What the task requires
In the records below, the line that contains "Gelbe Blumen auf" marks the start. Copy it and each line after it through the end, exactly, without pictures.

Records drawn from a dataset:

===============

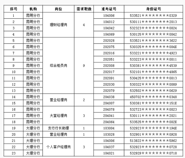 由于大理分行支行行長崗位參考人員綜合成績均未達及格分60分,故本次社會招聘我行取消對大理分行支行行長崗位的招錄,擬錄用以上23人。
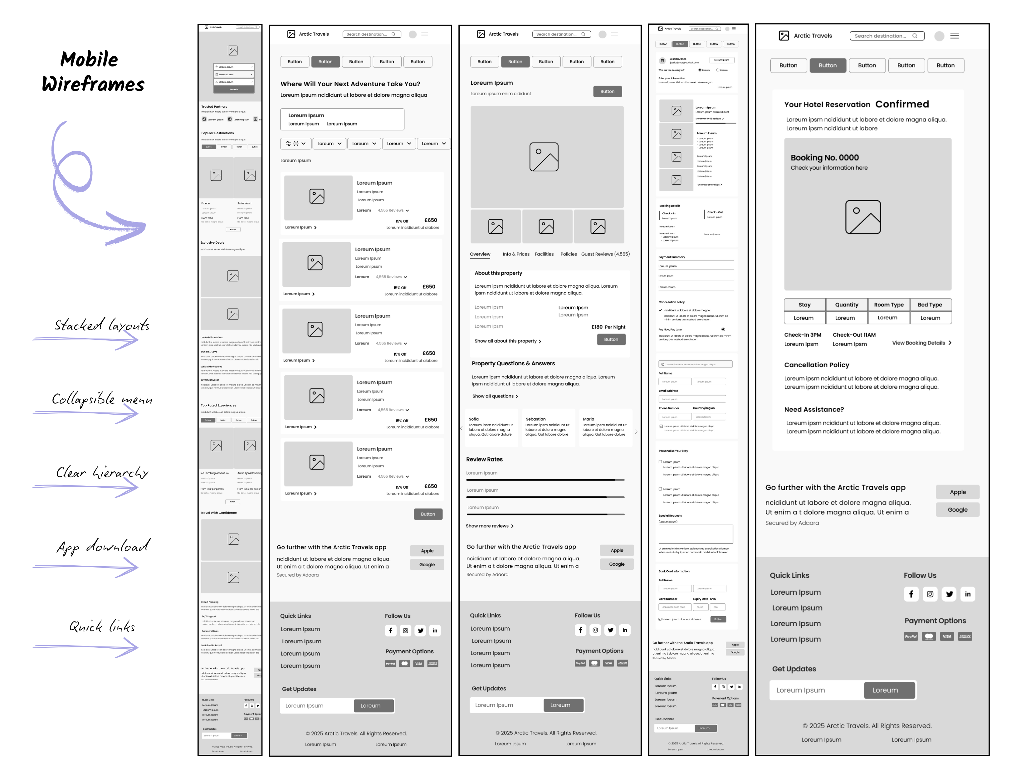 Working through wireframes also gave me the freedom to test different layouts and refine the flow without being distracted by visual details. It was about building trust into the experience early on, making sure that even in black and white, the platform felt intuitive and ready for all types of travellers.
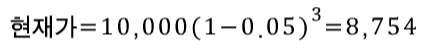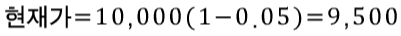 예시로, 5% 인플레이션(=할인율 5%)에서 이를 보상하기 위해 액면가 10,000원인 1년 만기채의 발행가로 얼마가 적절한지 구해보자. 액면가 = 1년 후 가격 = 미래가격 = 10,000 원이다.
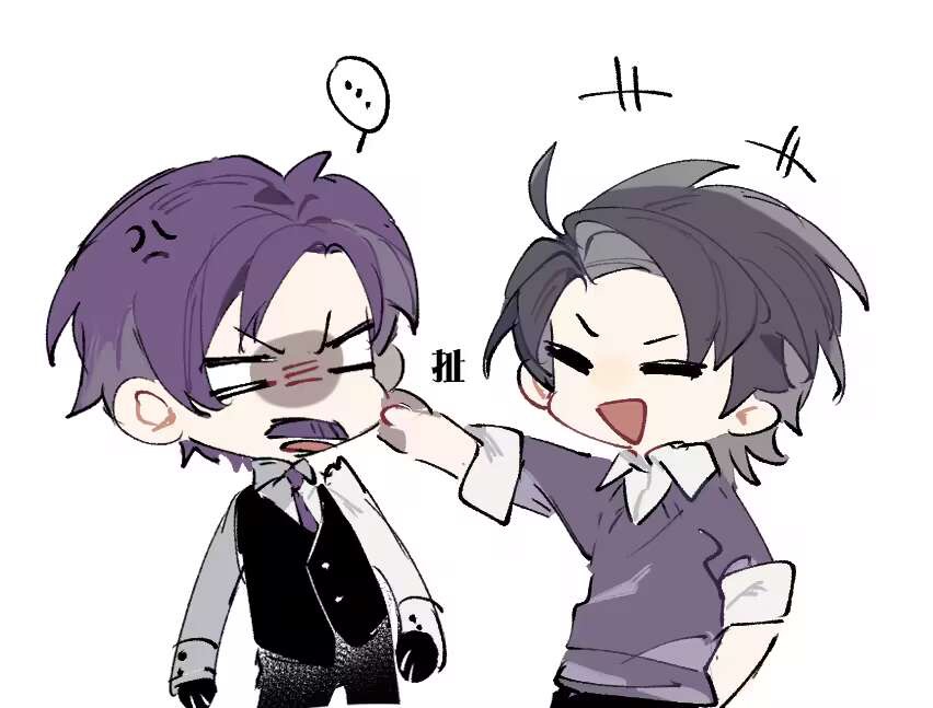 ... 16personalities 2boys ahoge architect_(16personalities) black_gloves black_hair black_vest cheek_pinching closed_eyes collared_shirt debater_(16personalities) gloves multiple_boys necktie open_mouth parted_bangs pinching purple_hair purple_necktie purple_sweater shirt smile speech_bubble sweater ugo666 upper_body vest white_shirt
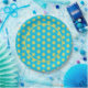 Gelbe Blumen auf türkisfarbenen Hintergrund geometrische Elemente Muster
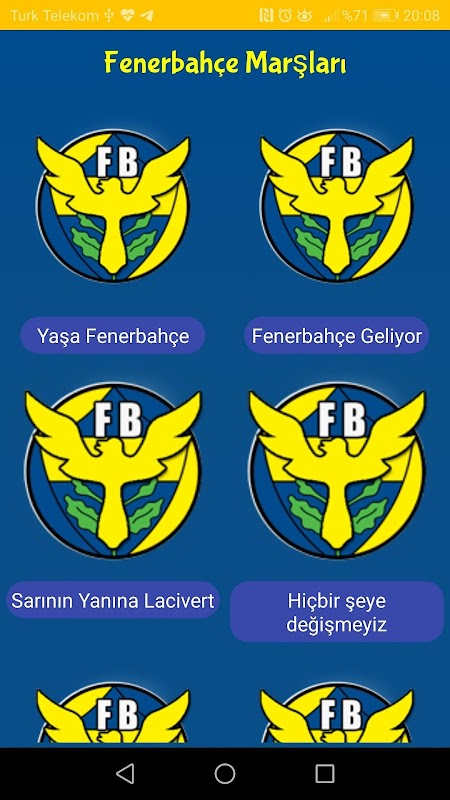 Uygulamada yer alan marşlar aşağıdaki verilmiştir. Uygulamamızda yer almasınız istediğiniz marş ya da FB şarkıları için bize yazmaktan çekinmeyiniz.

===============

Solution to this exercise
 Gelbe Blumen auf türkisfarbenen Hintergrund geometrische Elemente Muster
 Uygulamada yer alan marşlar aşağıdaki verilmiştir. Uygulamamızda yer almasınız istediğiniz marş ya da FB şarkıları için bize yazmaktan çekinmeyiniz.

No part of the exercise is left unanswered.